Friday, November 7, 2008

Life is Actually Quite Complicated

In this excellent post, new blogger Mike Eslea (the Punk Psychologist) takes British newspapers to task for their sensationalist coverage of some new statistics about knife crime. For non-British readers, I should explain that knife crime is a hot button issue in this country at the moment, with the narrative that there's a "knife crime epidemic" in progress being widely accepted.

As Eslea explains, when the new crime statistics were released, all of the headlines talked of a "22% rise" in knife incidents. This sounds pretty dramatic, and straightforward - 22% more stabblings, oh no! But in fact the picture is much less clear - most of this rise was probably due to changes in the way such crimes are reported, and even defining knife crime is not as easy as it seems. He also notes that last year the Times managed to extract the headline "Knife Crime Doubles In Two Years", based on a report which found nothing of the sort, through careful cherry-picking of the statistics. You should read the whole of the post - it's enlightening (and if you don't, me and Eslea will stab you up.)

Anyway, what's interesting is that this is just the kind of thing that we also see in much of science journalism. Ben Goldacre's excellent Bad Science is full of examples of the way in which the media mislead in their coverage of scientific and medical research. Reporting on violence, drugs, teenage pregnancy and other social sins often misleads for exactly the same reasons - i.e. statistics are cherry-picked to support the most dramatic conclusions, caveats and methodological weaknesses are ignored, and evidence which doesn't fit with the narrative are not reported on at all (in this case the narrative is "knife crime epidemic!" but we have also had "autism epidemic!", "diet determines health!" etc. etc.) Science, medicine, or crime, the numbers get spun in the same ways.

The basic problem, as I see it, is that people just don't like doubt. We want a clear story, even if the available evidence doesn't support any firm conclusions.
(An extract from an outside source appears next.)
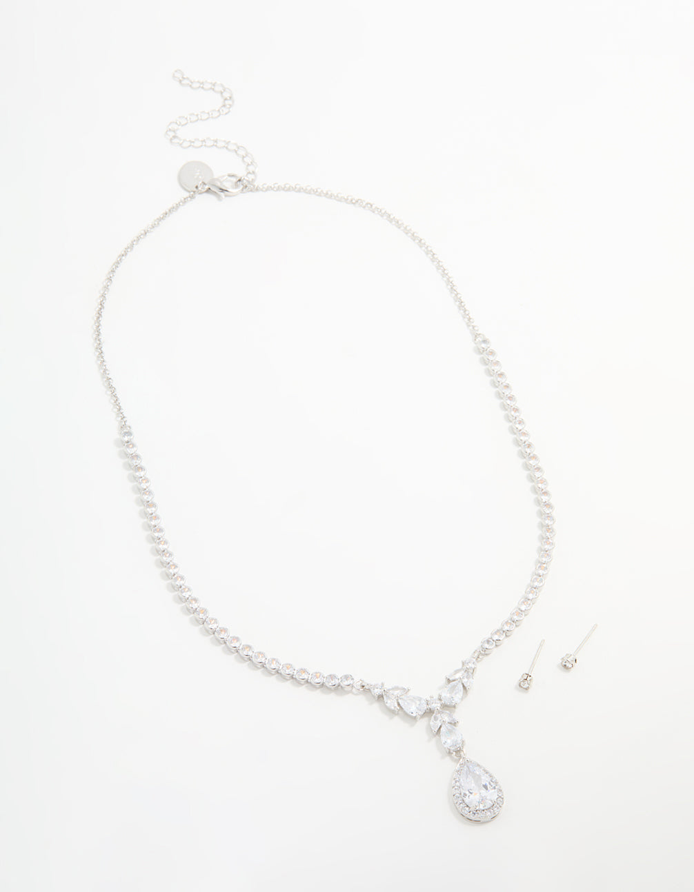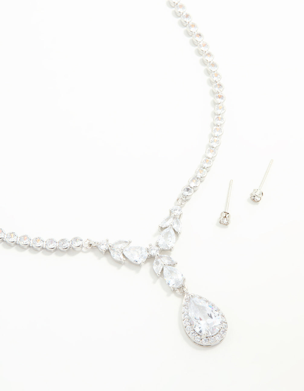 Shine on your special day with the Silver Plated Vine Necklace & Earring Set! This set features a delicate vine necklace and earrings. Pair it with a classic updo or a simple neckline for a timeless touch to your bridal ensemble.

Look at the Daily Mail's regular headlines about something causing or preventing cancer - any epidemiologist knows that establishing risk factors for cancer is a very difficult job, and there is a huge amount of uncertainty, and a lot of the research out there is crap. For the Mail, on the other hand, one small study constitutes proof. Until the next small study comes along and proves that what we thought cured cancer actually causes it, and vice versa. Experts despair at this, but they're in a minority.

This great BBC article accuses politicians of being unwilling to admit doubt about whether policies will work. To be fair to them, though, they're in an impossible position, because the public and the media demand certainty. We know that knife crime is skyrocketing and we want someone who knows how to stop it. By which I mean that most of us do. I don't - from what I've read about knife crime, nationwide it probably isn't rising, or maybe it is a bit, but in some parts of the country and among some communities it could be rising a lot, although even if it is, we have no idea why, and we don't have any proven ways of improving things... The point is that it's complicated. There's a lot of evidence to consider and most of it's flawed in one way or another. That's true for neuroscience, and it's also true for public policy.